Your brain vs technology: How our wired world is changing the way we think | Page 4 | H... - 3 views

  •  
    He discusses another study conducted in a lecture class where half the students were allowed to have their laptops open and the other half had to keep them shut. At the end of the lecture the two groups were tested on retention of information - the group without laptop access did "a significantly better job" of recalling what they'd just been taught. "When you think about it, it's not a big surprise - you're not distracted.
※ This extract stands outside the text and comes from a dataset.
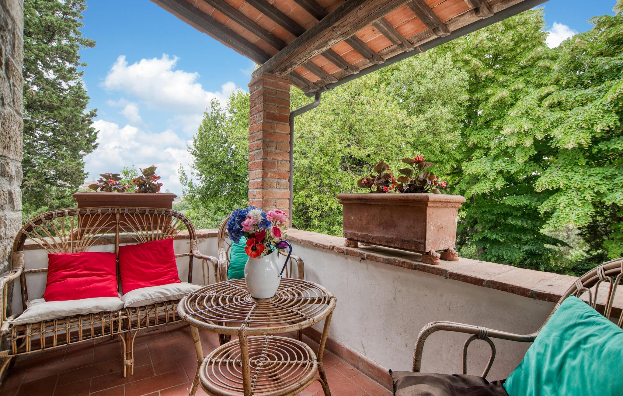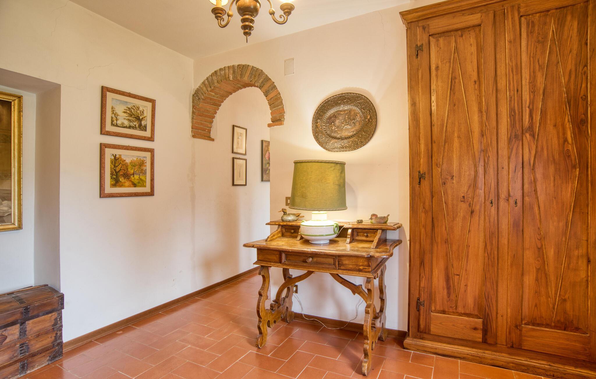 Nur 1 km außerhalb von Monte San Savino liegt diese stattliche Ferienhaus mit Pool auf einer kleinen Anhöhe. Im Erdgeschoss finden Sie einen großzügigen, auch im Sommer angenehm kühlen Wohnbereich mit Esszimmer, offenem Kamin, Bad und einer rustikalen Sommerküche mit Pizzaofen. Eine breite Steintreppe führt über die Loggia in den 1.Stock: Zunächst betreten Sie das große Wohn-Esszimmer mit offenem Kamin, mit angrenzender moderner Küche; weiter gelangen Sie von hier zu 3 Schlafzimmern und 2 Badezimmern. Eine (steile!) Treppe führt ins obere Geschoss, wo Sie über einen kleinen Salon mit Schlafcouch zum 4.Schlafzimmer und ins Bad gelangen.

On the other hand, despite that, we're seeing more and more schools embrace the idea of allowing their students to have their laptops with them and have rich wi-fi connections in classrooms,
  •  
    This long article attempts to be even-handed about the debate regarding the effects on the brain of using digital media. A key assertion, which has yet to be backed up by sufficient contemporary empirical research, but which makes sense in light of what is known about neuroplasticity, is that the human brain adapts very well to its environment and now that exposure to digital media on screens is a very significant portion of the environment for many people, brains are changing -- and not necessarily in beneficial ways -- to adapt to the media environment. The empirical evidence will come in over the next 5-10 years and this argument will be closer to settled. For the time being, I think it pays to keep an open mind in both directions.